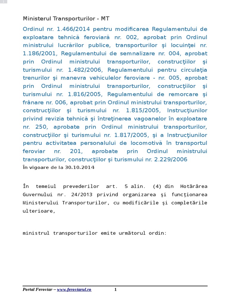 exploatare tehnic feroviar nr. 002, aprobat prin Ordinul
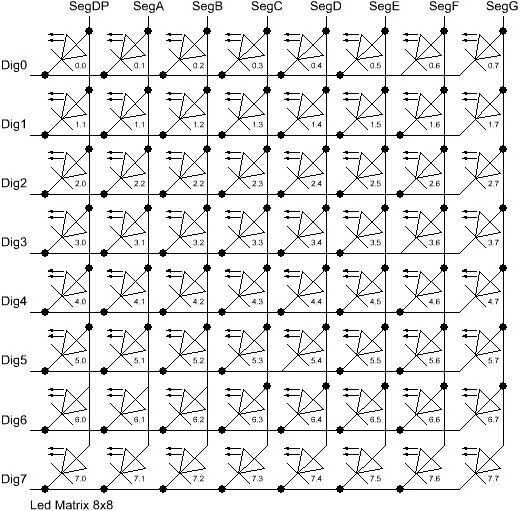 Este IC de controlador tiene 8 pins "dígitos" (0-7) y 8 pernos "segmento" (SegA-SegF y SegDP). Si piensas en pernos de dígitos como filas y pernos de segmento como LEDs individuales, se puede ver cómo 64 LED puede ser utilizado. Porque cada fila puede tener hasta 8 LED ' s todo lo que hacemos es conectar los cátodos de estos 8 LEDs juntos y luego a un pin de dígitos (es decir, DIG0) de MAX72xx chip. Ánodo de cada uno de 8 LED ' s conectado luego a plomo solo del segmento de la IC. Para la primera fila que usando los cables 9 (1 a DIG0) y 8 SEG.
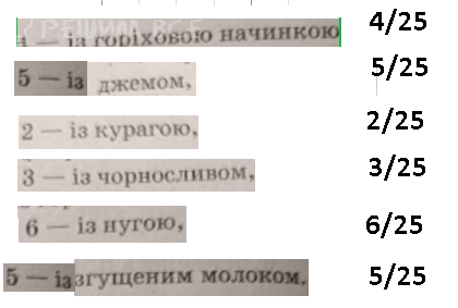 Задача по алгебре.Розв'язати завдання ! в/дправити на перев!рку 1,2,3,4 ощнюеться 3 бали, якщо виконано розрахунки або надано пояснення, а не тльки в/дпов!д!. 3 —р 3 -l начинки У коробц! лежать 25 цукерок, 18 них 4 — 18 ropi]:mn Зя джемом, 2 — 13 курагою, 3 — 13 чорносливом, 0/ !Ум% реш щеним молоком. AR [ 1) Мар!чка хоче взяти одну цукерку — 13 джещ{! я‘ о Склльки 1снуе способ!в зд!йснити й бажання? — b X Пук 2) Яка ймов!рн1сть того, що навмання взята 3 коробіі!: ›; Il Ve щеним молоком? sy й8 3) Подайте дан! про цукерки, що лежать у “-с'›‹".г „!;: ВИГЛя 4) Подайте дан! про цукерки, що лежать в коробц,, у вигляд! частотно! таблиц!.
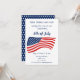 Minimalist 4th of July party invitation. Featuring the iconic U.S. flag in the centre, this invitation boasts a sleek design in classic red, white and blue. The back of the invitation features a charming pattern of white stars on a blue background, adding a festive touch to your invitation. Perfect for inviting friends and family to join you in celebrating this patriotic holiday, these invitations will set the tone for a memorable 4th of July get-together.
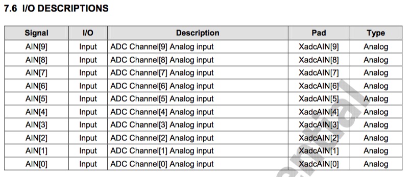 • ADC引脚分两种,数字引脚和模拟引脚,GPIO类输入数字引脚,ADC channel属于模拟引脚(XadcAIN_n),数字引脚和模拟引脚不能混用
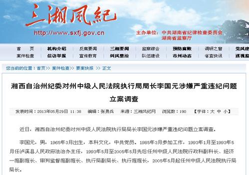 中国共产党新闻网北京5月30日电 (李源)据湖南省纪委主办的“三湘风纪”网消息,近日,湘西自治州纪委对州中级人民法院执行局局长李国元涉嫌严重违纪问题立案调查。
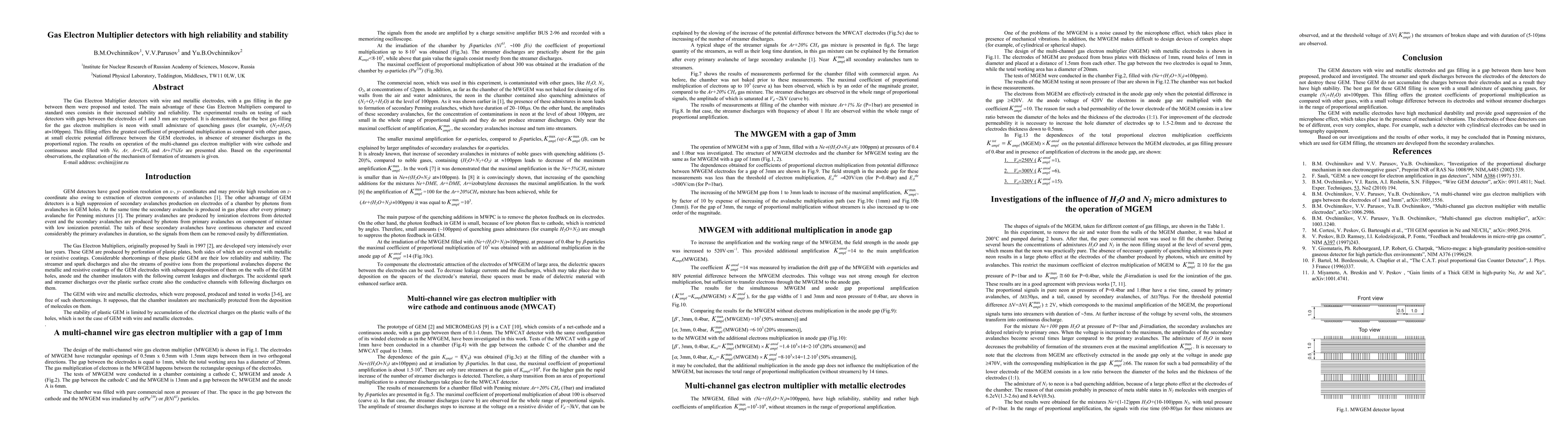 The Gas Electron Multiplier detectors with wire and metallic electrodes, with a gas filling in the gap between them were proposed and tested. The main advantage of these Gas Electron Multipliers compared to standard ones consists in their increased stability and reliability. The experimental results on testing of such detectors with gaps between the electrodes of 1 and 3 mm are reported. It is demonstrated, that the best gas filling for the gas electron multipliers is neon with small admixture of quenching gases (for example, (N2+H2O) at ~100ppm). This filling offers the greatest coefficient of proportional multiplication as compared with other gases, at small electric potential difference between the GEM electrodes, in absence of streamer discharges in the proportional region. The results on operation of the multi-channel gas electron multiplier with wire cathode and continuous anode filled with Ne, Ar, Ar+CH4 and Ar+1%Xe are presented also. Based on the experimental observations, the explanation of the mechanism of formation of streamers is given.
────────────────
**What the exercise asks:** Whatever lies between the first line of the data and the line holding "Este IC de controlador", inclusive, should be repeated exactly, apart from the pictures.

**Result:**
 exploatare tehnic feroviar nr. 002, aprobat prin Ordinul
 Este IC de controlador tiene 8 pins "dígitos" (0-7) y 8 pernos "segmento" (SegA-SegF y SegDP). Si piensas en pernos de dígitos como filas y pernos de segmento como LEDs individuales, se puede ver cómo 64 LED puede ser utilizado. Porque cada fila puede tener hasta 8 LED ' s todo lo que hacemos es conectar los cátodos de estos 8 LEDs juntos y luego a un pin de dígitos (es decir, DIG0) de MAX72xx chip. Ánodo de cada uno de 8 LED ' s conectado luego a plomo solo del segmento de la IC. Para la primera fila que usando los cables 9 (1 a DIG0) y 8 SEG.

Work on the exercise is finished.